From the experience, the staff as a group, came to the consensus that they were focusing too much on their inputs, than their outputs in all their communications and strategy. It may seem like a simple outcome from the project, but it meant great changes for the organization. It brought everyone back under the original purpose of the organization – to help their clients, show how fun doing good can be and to share that with others. Instead of focusing on text bringing in donations and showing how each dollar would be used (which is important) and looking at what the organization could ‘get’ from their donors….they instead made a change. They started to focus on their outputs and what they are offering as a whole.

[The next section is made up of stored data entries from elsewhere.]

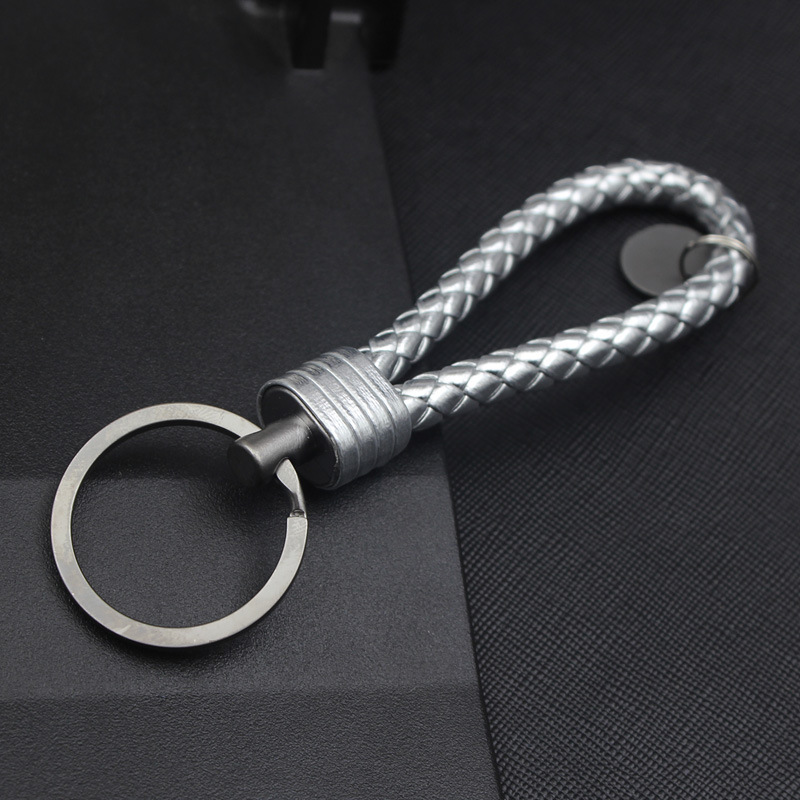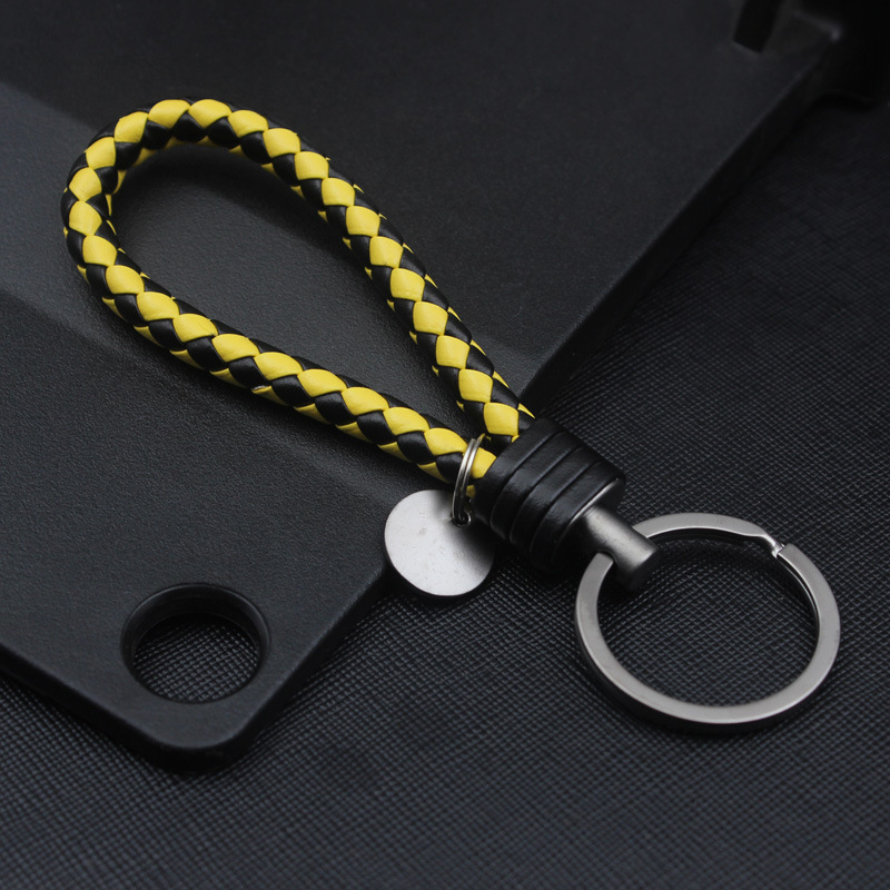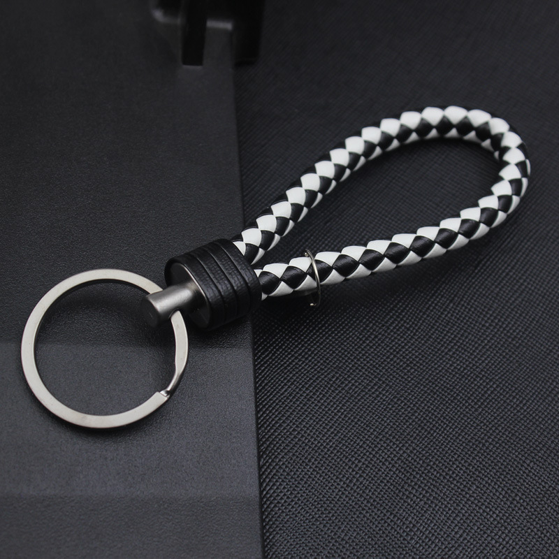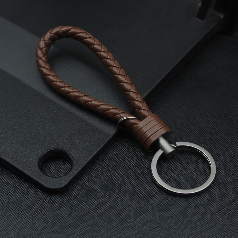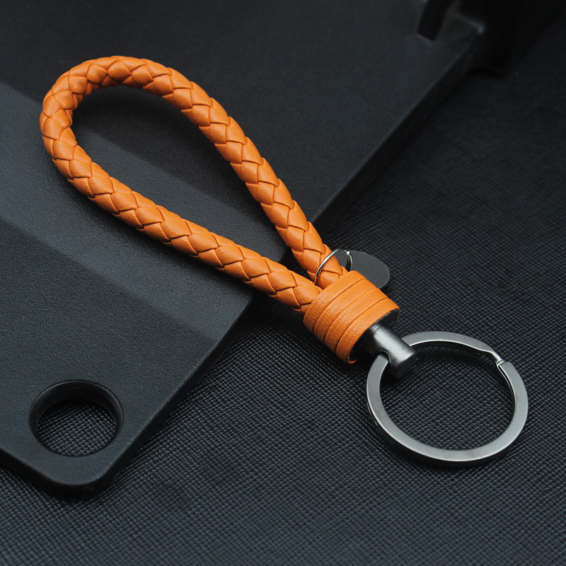 包邮钨钢简约皮绳编织绳钥匙扣圈链创意男女情侣汽车手工挂件
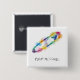 A rainbow safety pin badge, with space to put your own message / name / slogan underneath. The art is a hand-drawn pin, with messy paint blobs in bright colours.
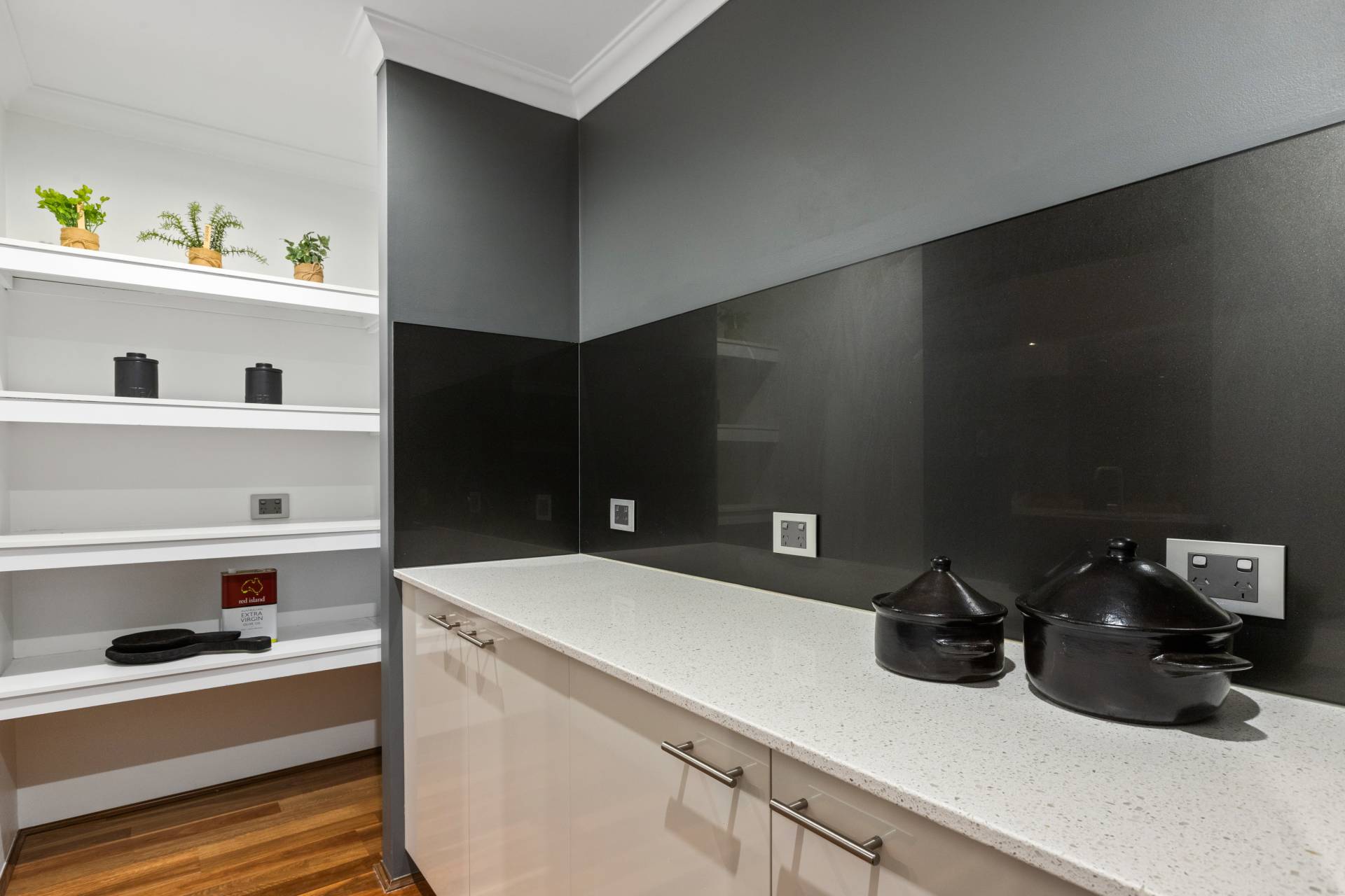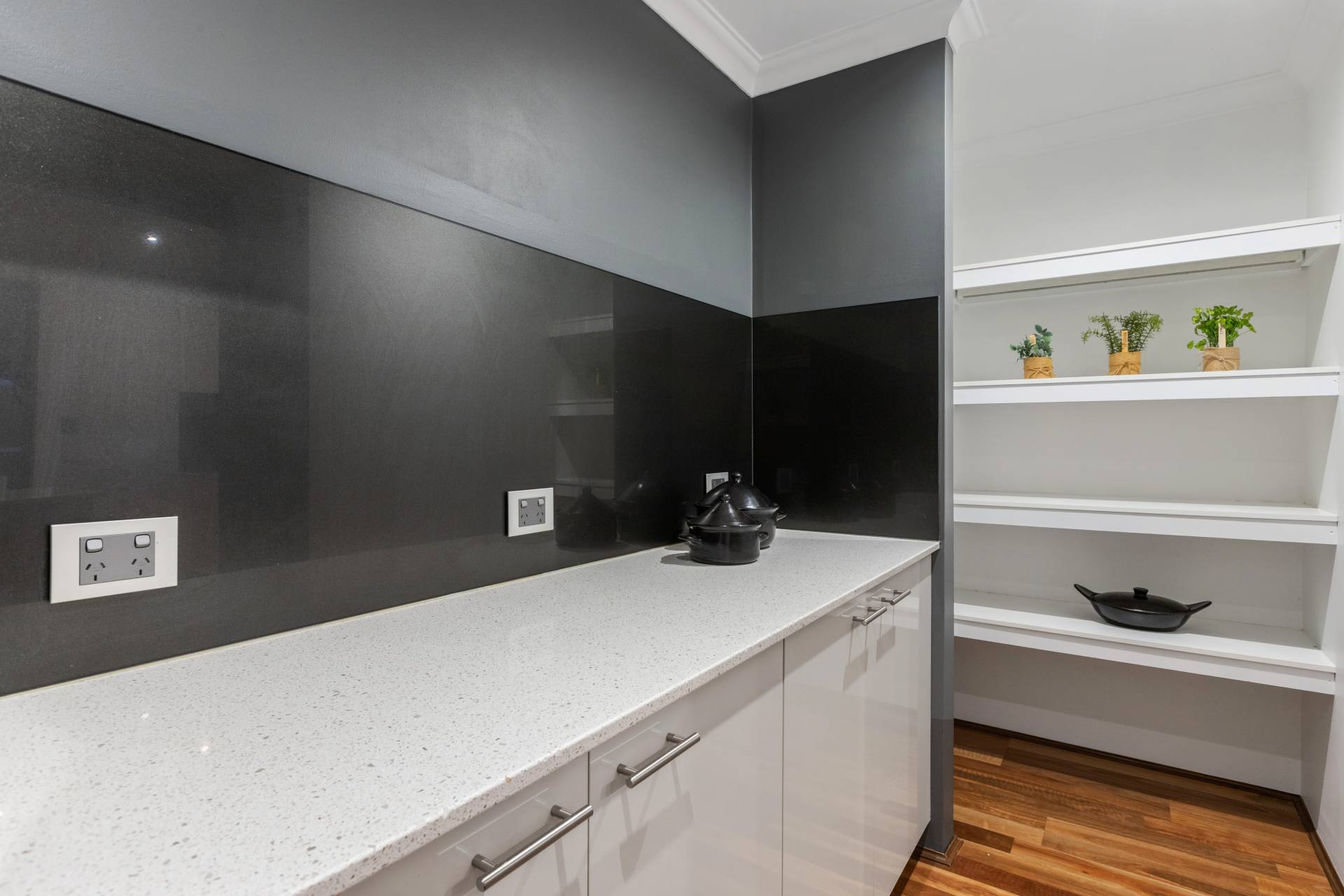 The deluxe gourmet kitchen showcases an island breakfast bar, stone benchtops, stainless steel appliances, and an ASKO dishwasher for easy clean-ups. A large walk-in scullery with additional stone benchtop space and under-bench cupboards with abundant shelving on both sides of the pantry provides ample storage, enhancing the functionality of the space. Seamlessly extend your living outdoors, stepping onto a generous alfresco under the main roof.
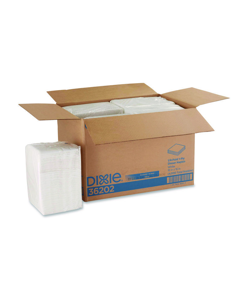 Protect your silverware with this 1/4 fold dinner napkin. The economical, single-ply design makes our dinner napkins the most cost-effective napkins for value-oriented full-service restaurants. These strong, absorbent napkins feature a new emboss design. The 1/4-fold format is perfect for a rolled silverware presentation and ideal for restaurants and other facilities where costs control is key. 1/4-fold napkin with emboss design in a 16 "x 16" unfolded size, 8" x 8" folded size, provides 11.3" of diagonal length which easily covers a 9" dinner knife.
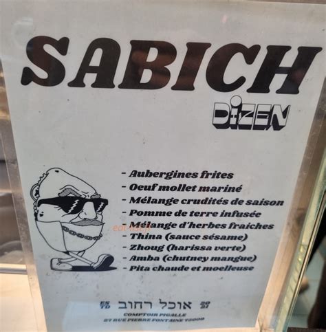 Exceptionnel Sandwicherie Sabich, sandwich pita irakien. Les 1er à avoir ouvert une Sandwicherie de Sabich à Paris. Sans oublier les Fallafels et les schnitzels. Leur citronnade fait maison comme tout le reste d’ailleurs. Petits prix. Super découverte tout proche du moulin rouge.

Now, the organization is changing for the better by the day. These changes include:
- Updates and additions to their website and e-communications strategy. Some of which include simple presentation changes but others include great uses of Web 2.0.
- A refreshed staff who is renewed by their passion and greater purpose of the organization.
- Increased organization internally.
- More ways for volunteers to get involved.
- Greater participation and interest in events by the millennial audience.
- And more!
All in all, yes, technology is great. Yes, Web 2.0 can be fun and helpful. But also.
Dream big. Remember your purpose. And, focus your energy on your outputs and your inputs will follow. (As a quick analogy, if you focused solely on blog traffic, would you get more traffic? Or, if you focused on offering great content, wouldn’t the traffic follow? Think Field of Dreams.)